→ WHAT YOU ARE ASKED TO DO:
Your output must be the lines below from the line containing "女の子!って感じの香りですし、そんなに強い香りではないので普段使いしやすいです🙆♀️ | 詳細を見る | |" to the line containing "Pent brukt masse", both lines included, reproduced exactly and without pictures.
* * * * * * * * *
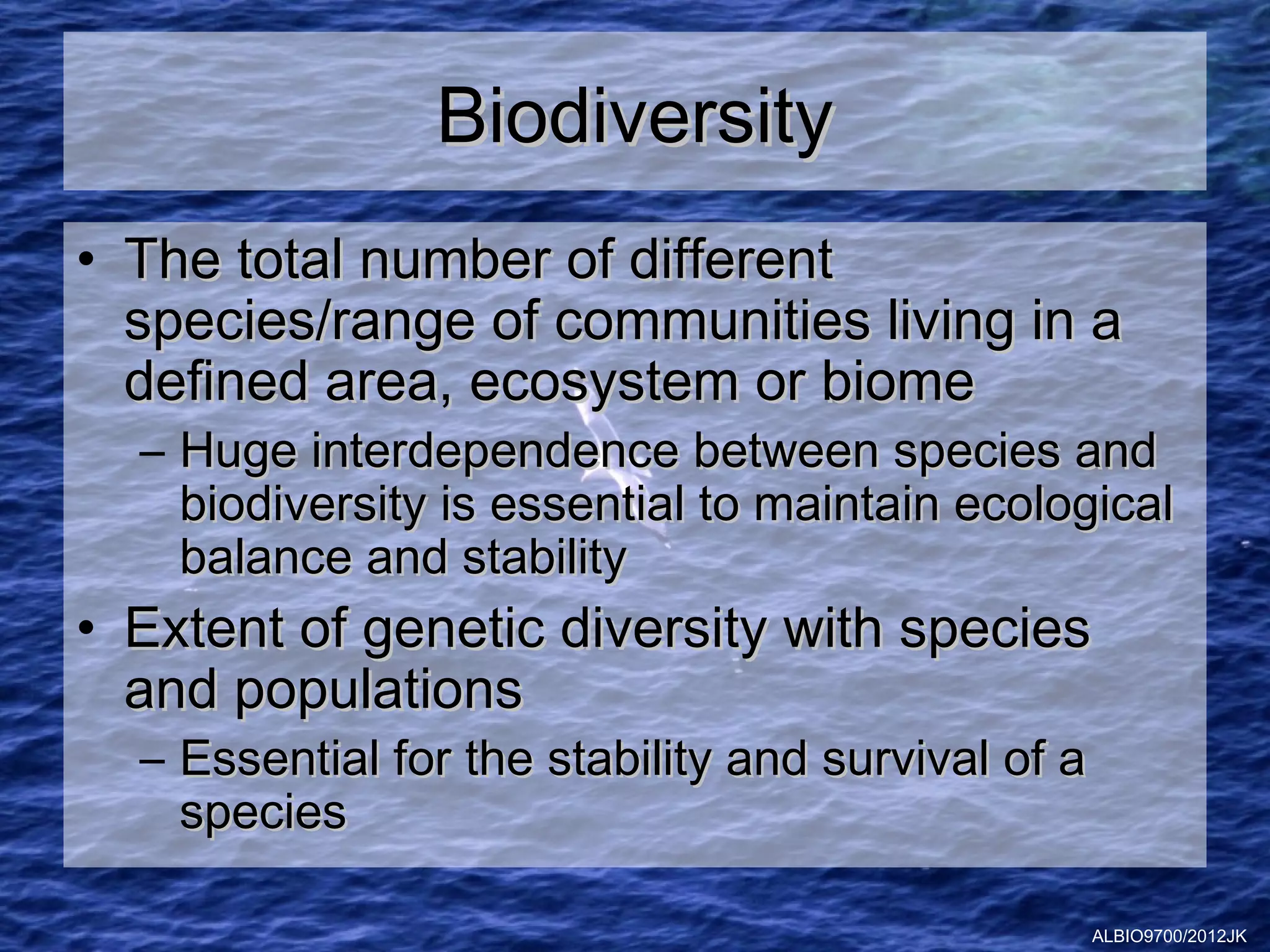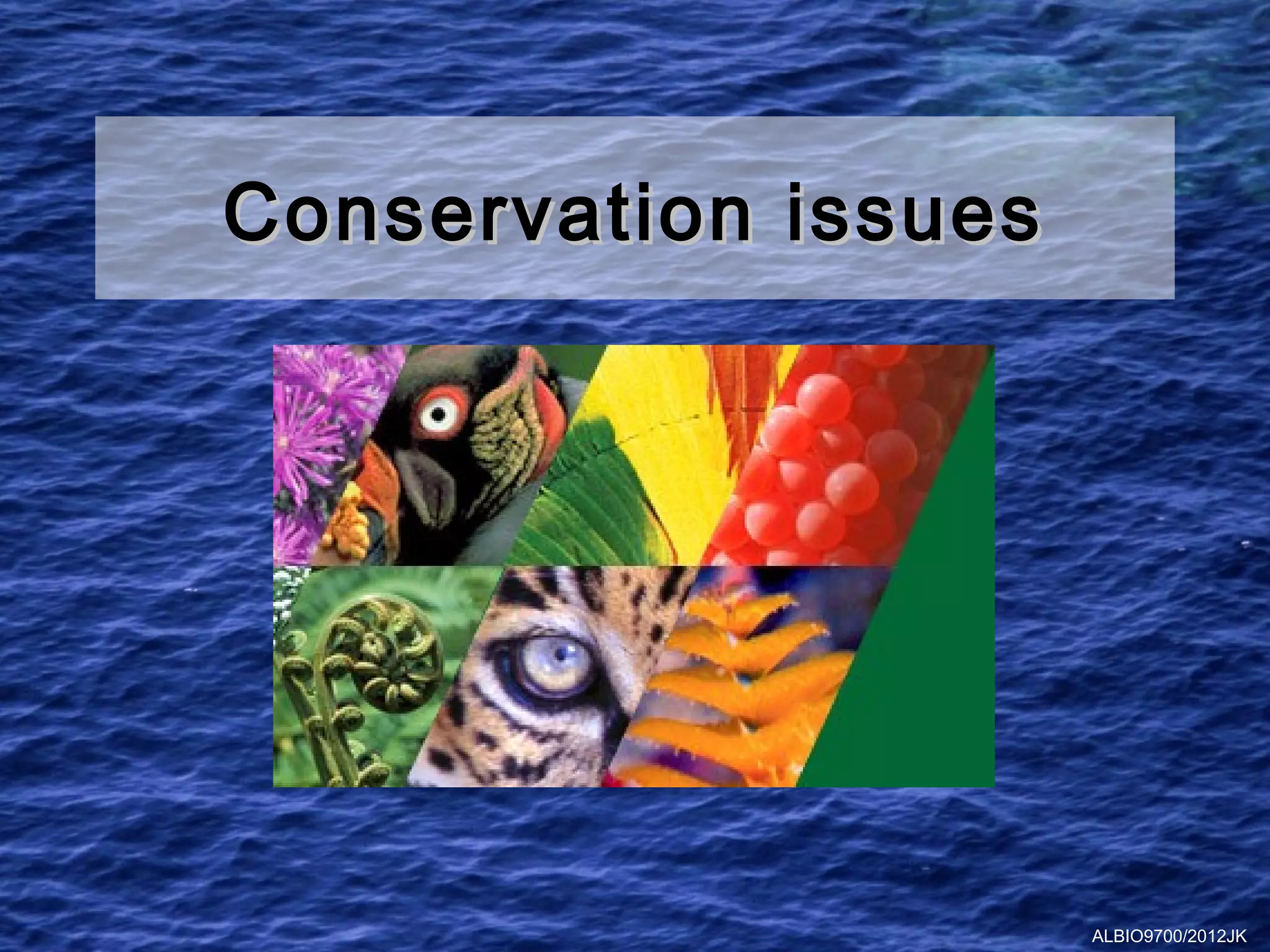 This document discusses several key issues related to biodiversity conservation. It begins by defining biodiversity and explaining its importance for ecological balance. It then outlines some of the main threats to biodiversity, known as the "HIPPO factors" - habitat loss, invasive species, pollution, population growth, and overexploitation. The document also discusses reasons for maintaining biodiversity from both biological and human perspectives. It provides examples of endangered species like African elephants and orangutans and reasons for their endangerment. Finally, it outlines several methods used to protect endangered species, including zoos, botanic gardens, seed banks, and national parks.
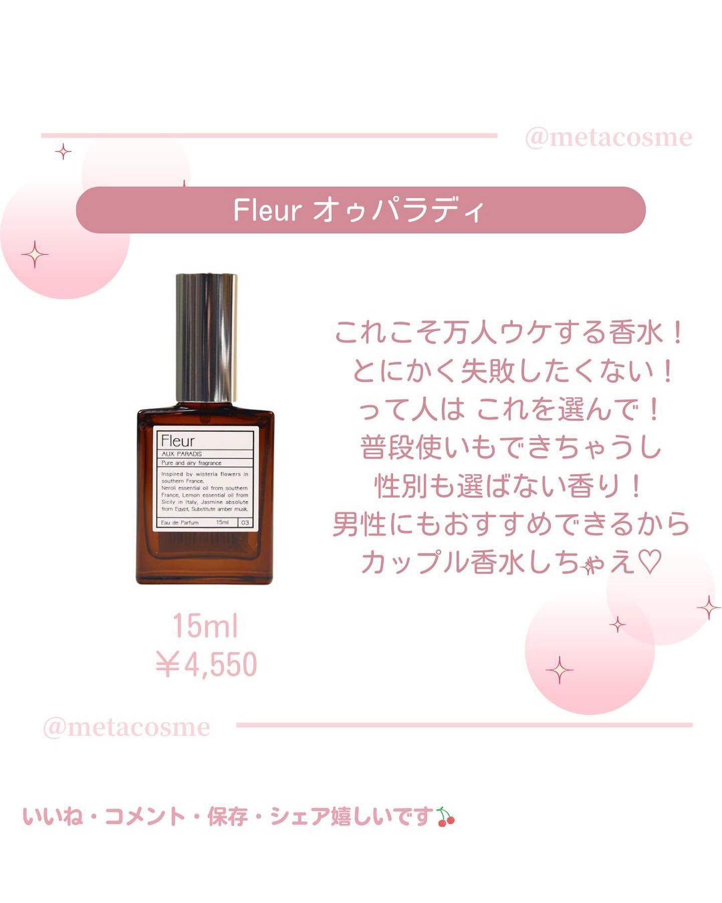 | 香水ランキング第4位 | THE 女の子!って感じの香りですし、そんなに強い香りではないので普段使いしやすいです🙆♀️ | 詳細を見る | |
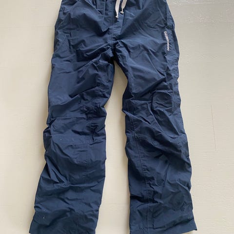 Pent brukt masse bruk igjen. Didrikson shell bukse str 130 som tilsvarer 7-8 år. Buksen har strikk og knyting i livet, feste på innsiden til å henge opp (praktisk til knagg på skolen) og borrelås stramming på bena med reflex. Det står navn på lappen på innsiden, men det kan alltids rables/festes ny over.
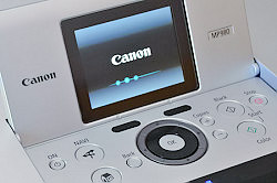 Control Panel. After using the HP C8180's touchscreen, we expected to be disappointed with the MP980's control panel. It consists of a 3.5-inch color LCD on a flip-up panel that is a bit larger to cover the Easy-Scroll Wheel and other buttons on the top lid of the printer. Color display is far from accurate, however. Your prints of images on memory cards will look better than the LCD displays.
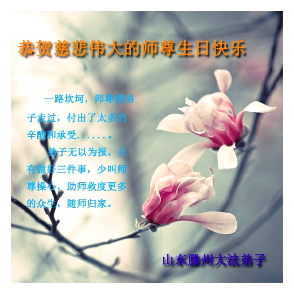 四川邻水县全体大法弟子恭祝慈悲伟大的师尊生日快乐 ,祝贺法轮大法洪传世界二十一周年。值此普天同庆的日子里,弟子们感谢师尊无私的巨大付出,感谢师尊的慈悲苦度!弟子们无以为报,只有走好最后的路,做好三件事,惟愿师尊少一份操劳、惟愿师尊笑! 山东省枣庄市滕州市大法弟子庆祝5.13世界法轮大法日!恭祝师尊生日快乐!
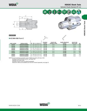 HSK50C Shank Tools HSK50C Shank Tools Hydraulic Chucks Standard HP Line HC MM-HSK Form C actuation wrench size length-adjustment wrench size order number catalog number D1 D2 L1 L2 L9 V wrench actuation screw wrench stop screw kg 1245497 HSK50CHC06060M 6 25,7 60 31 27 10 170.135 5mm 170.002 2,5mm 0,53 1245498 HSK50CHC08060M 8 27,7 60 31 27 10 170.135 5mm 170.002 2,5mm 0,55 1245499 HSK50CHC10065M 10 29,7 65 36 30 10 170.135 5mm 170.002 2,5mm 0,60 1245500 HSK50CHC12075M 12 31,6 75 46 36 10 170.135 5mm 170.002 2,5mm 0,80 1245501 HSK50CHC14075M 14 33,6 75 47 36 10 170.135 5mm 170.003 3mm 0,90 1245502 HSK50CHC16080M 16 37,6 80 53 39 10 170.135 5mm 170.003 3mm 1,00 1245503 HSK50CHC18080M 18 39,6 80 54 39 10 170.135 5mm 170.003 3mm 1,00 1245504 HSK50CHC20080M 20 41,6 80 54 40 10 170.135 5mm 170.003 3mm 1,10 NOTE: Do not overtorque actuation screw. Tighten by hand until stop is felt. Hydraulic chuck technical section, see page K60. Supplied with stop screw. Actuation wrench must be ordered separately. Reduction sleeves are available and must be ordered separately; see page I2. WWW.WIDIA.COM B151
* * * * * * * * *
→ SOLUTION TO THE PROBLEM:
 | 香水ランキング第4位 | THE 女の子!って感じの香りですし、そんなに強い香りではないので普段使いしやすいです🙆♀️ | 詳細を見る | |
 Pent brukt masse bruk igjen. Didrikson shell bukse str 130 som tilsvarer 7-8 år. Buksen har strikk og knyting i livet, feste på innsiden til å henge opp (praktisk til knagg på skolen) og borrelås stramming på bena med reflex. Det står navn på lappen på innsiden, men det kan alltids rables/festes ny over.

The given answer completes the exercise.